2021-06-29 Thread Anton Ottosson
Hi Vasil,


I did indeed not have `square2_ff_pydoc.h` in `build/python/bindings`. Running 
`make clean` and `make` did resolve that, though. Thank you for telling me 
about `make clean`.


But then, when I attempt to continue the tutorial by running the tests, I get 
the following:


~/gr-howto/build$ ctest -V
UpdateCTestConfiguration  from 
:/home/antonott/gr-howto/build/DartConfiguration.tcl
UpdateCTestConfiguration  from 
:/home/antonott/gr-howto/build/DartConfiguration.tcl
Test project /home/antonott/gr-howto/build
Constructing a list of tests
Done constructing a list of tests
Updating test list for fixtures
Added 0 tests to meet fixture requirements
Checking test dependency graph...
Checking test dependency graph end
test 1
Start 1: qa_square_ff

1: Test command: /usr/bin/sh 
"/home/antonott/gr-howto/build/python/qa_square_ff_test.sh"
1: Test timeout computed to be: 1000
1: .E.
1: ==
1: ERROR: test_002_square2_ff (__main__.qa_square_ff)
1: --
1: Traceback (most recent call last):
1:   File "/home/antonott/gr-howto/python/qa_square_ff.py", line 50, in 
test_002_square2_ff
1: sqr = howto.square2_ff()
1: NameError: name 'howto' is not defined
1:
1: --
1: Ran 3 tests in 0.003s
1:
1: FAILED (errors=1)
1: DEPRECATED: Using filename with gr_unittest does no longer have any effect.
1/1 Test #1: qa_square_ff .***Failed0.22 sec

0% tests passed, 1 tests failed out of 1

Total Test time (real) =   0.22 sec

The following tests FAILED:
  1 - qa_square_ff (Failed)
Errors while running CTest

This is a failure in the test for the new block (see the OOT tutorial). It is 
quite similar to the original error that we have talked about, but this time 
the workaround of installing the module does not help. It is surprising that 
this test can fail despite the first one, also dependent on `howto` and in the 
same python class, succeeding. Though I guess since the unit tests are executed 
with reflection anything is possible.


Best regards,

Anton


From: Vasil Velichkov 
Sent: Tuesday, June 29, 2021 6:33:42 PM
To: Anton Ottosson; discuss-gnuradio@gnu.org
Subject: Re: OOT tests failing in GNU Radio 3.9.2.0, Ubuntu 20.04.2 LTS

Hi Anton,


On 29/06/2021 19.07, Anton Ottosson wrote:
> Thank you for so generously taking time out of your day to look at this.
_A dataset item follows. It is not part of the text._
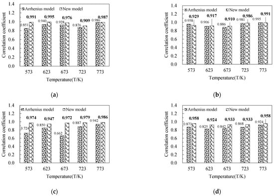 To further analyze the prediction accuracy, correlation coefficients were calculated at different strain rates and temperatures and are shown in Figure 9. It is well known that a larger value of the correlation coefficient indicates a higher prediction accuracy. As can be seen from Figure 9a,b, all the other correlation coefficients of the new model were slightly higher than those of the Arrhenius model, with one particular exception (0.1 s−1 and 573 K). In addition, the correlation coefficient of the Arrhenius model was slightly higher than that of the new model in this particular exception. As can be seen from Figure 9c,d, all the correlation coefficients of the new model were significantly higher than those of the Arrhenius model.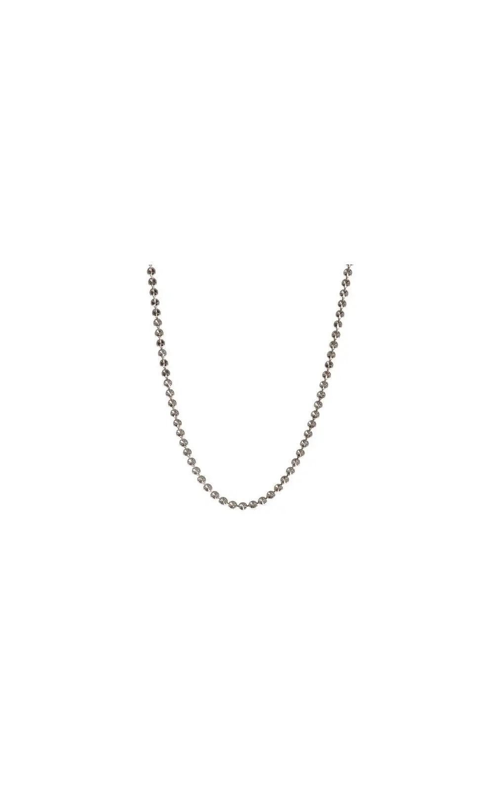 Intricately hand crafted, each bead has been diamond cut and strung on a flexible silver chain. Why not add some sparkle to your look with this stunning necklace. Made from sterling silver, rhodium plated and hallmarked in London.

I 
> agree with your analysis and have now submitted an issue 
> (https://github.com/gnuradio/gnuradio/issues/4825) about this to the GNU 
> Radio GitHub repository.

Nice. Thanks for opening an issue.

> However, it seems like I might have found an additional issue, possibly 
> related. I wanted to make progress with the OOT tutorial 
> (https://wiki.gnuradio.org/index.php/OutOfTreeModules), so i used Ron's 
> suggested workaround with installing the module to get the tests to work. The 
> new issue appears a bit later in the tutorial, when we attempt to add another 
> block to the module. Instead of me describing it here, I have once again set 
> up a GitHub repository (https://github.com/antonott/oot_tutorial_issue) to 
> illustrate the problem. The README describes the process, and of course the 
> rest of the repo contains the state of the module.

First check that you have `square2_ff_pydoc.h` file in `build/python/bindings` 
directory and if not run `make clean` and `make`. But if there is a 
`square2_ff_pydoc.h` then run `make VERBOSE=1` and check that an include flag 
(`-I`) that contains the full path to `build/python/bindings` is present.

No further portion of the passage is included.